> **DIRECTIONS**: Nothing but the lines from the one with "ثُمّ بعث رسول" through the end of the data should be set down, each exactly as written, and no picture should be included.

> **DATA SHOWN**:
____________

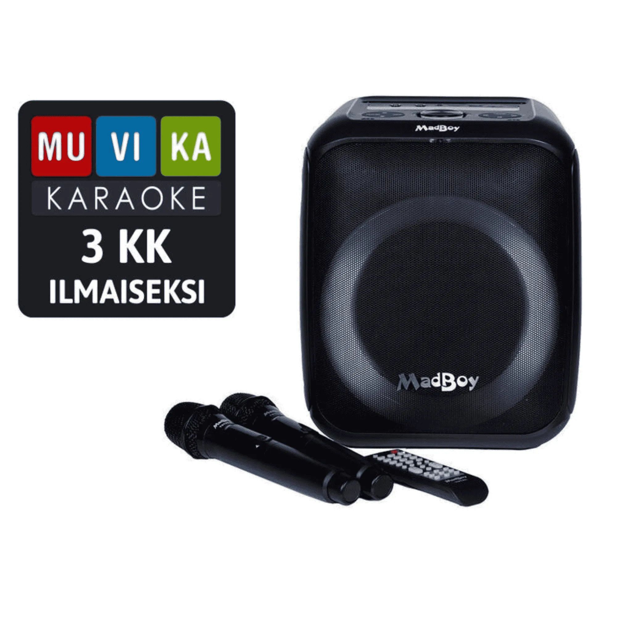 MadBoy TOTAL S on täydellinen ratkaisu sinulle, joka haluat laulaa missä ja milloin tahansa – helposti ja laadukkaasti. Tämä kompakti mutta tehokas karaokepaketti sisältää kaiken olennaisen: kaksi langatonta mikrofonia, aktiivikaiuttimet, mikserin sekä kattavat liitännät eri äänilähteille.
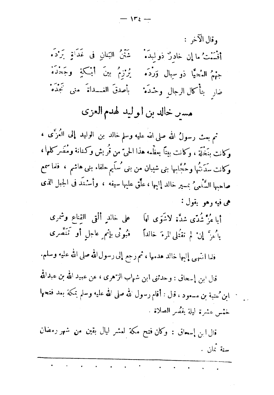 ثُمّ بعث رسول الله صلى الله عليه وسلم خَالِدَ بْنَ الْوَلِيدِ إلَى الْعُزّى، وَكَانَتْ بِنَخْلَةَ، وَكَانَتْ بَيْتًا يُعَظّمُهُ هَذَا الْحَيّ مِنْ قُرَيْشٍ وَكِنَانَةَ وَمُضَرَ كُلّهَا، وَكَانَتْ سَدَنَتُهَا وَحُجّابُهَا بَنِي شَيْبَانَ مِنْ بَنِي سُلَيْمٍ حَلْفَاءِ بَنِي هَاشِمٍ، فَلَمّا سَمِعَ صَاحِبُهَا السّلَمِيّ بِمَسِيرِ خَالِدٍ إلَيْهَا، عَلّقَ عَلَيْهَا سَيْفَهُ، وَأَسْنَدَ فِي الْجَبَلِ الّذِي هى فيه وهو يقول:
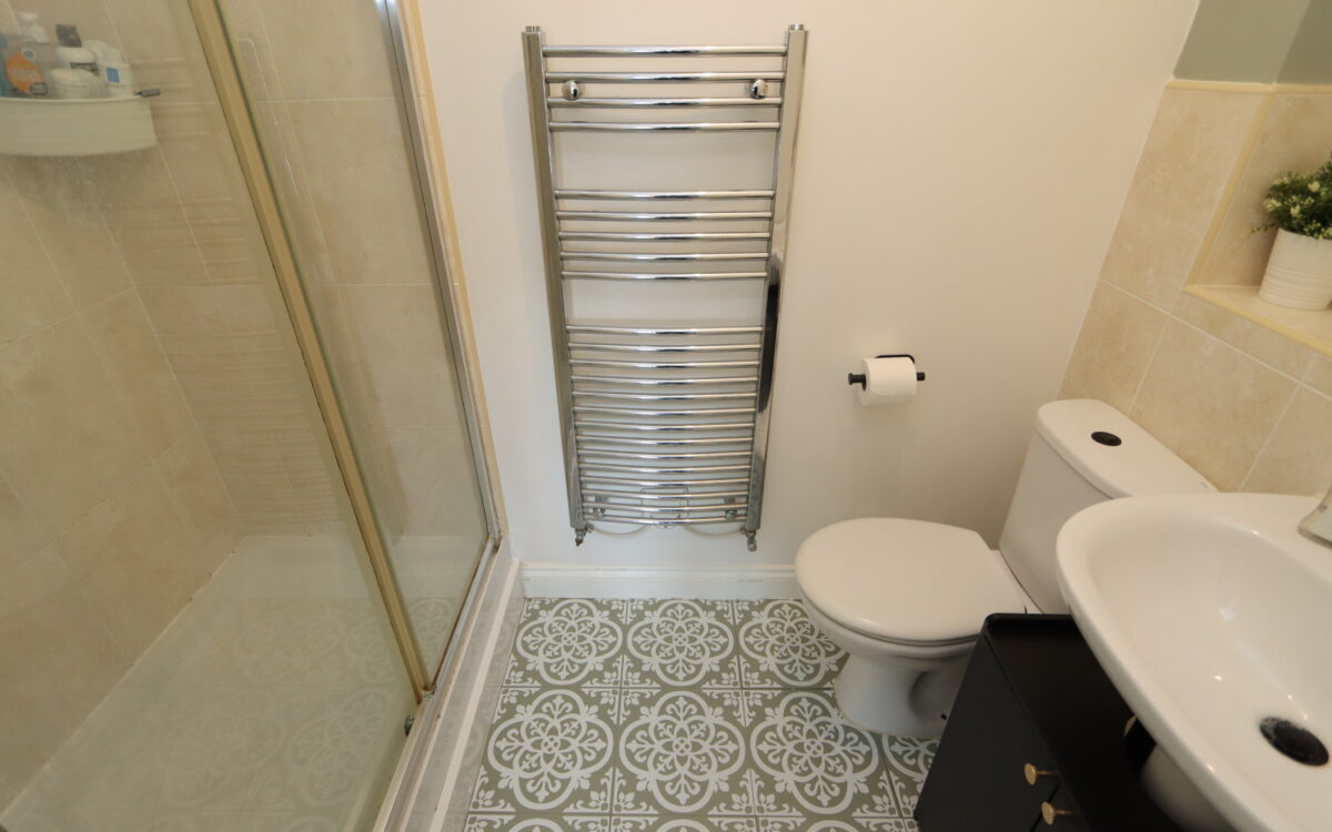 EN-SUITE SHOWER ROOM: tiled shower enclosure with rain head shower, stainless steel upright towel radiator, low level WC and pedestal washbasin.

____________

> **SOLUTION FOR THIS TASK**:
 ثُمّ بعث رسول الله صلى الله عليه وسلم خَالِدَ بْنَ الْوَلِيدِ إلَى الْعُزّى، وَكَانَتْ بِنَخْلَةَ، وَكَانَتْ بَيْتًا يُعَظّمُهُ هَذَا الْحَيّ مِنْ قُرَيْشٍ وَكِنَانَةَ وَمُضَرَ كُلّهَا، وَكَانَتْ سَدَنَتُهَا وَحُجّابُهَا بَنِي شَيْبَانَ مِنْ بَنِي سُلَيْمٍ حَلْفَاءِ بَنِي هَاشِمٍ، فَلَمّا سَمِعَ صَاحِبُهَا السّلَمِيّ بِمَسِيرِ خَالِدٍ إلَيْهَا، عَلّقَ عَلَيْهَا سَيْفَهُ، وَأَسْنَدَ فِي الْجَبَلِ الّذِي هى فيه وهو يقول:
 EN-SUITE SHOWER ROOM: tiled shower enclosure with rain head shower, stainless steel upright towel radiator, low level WC and pedestal washbasin.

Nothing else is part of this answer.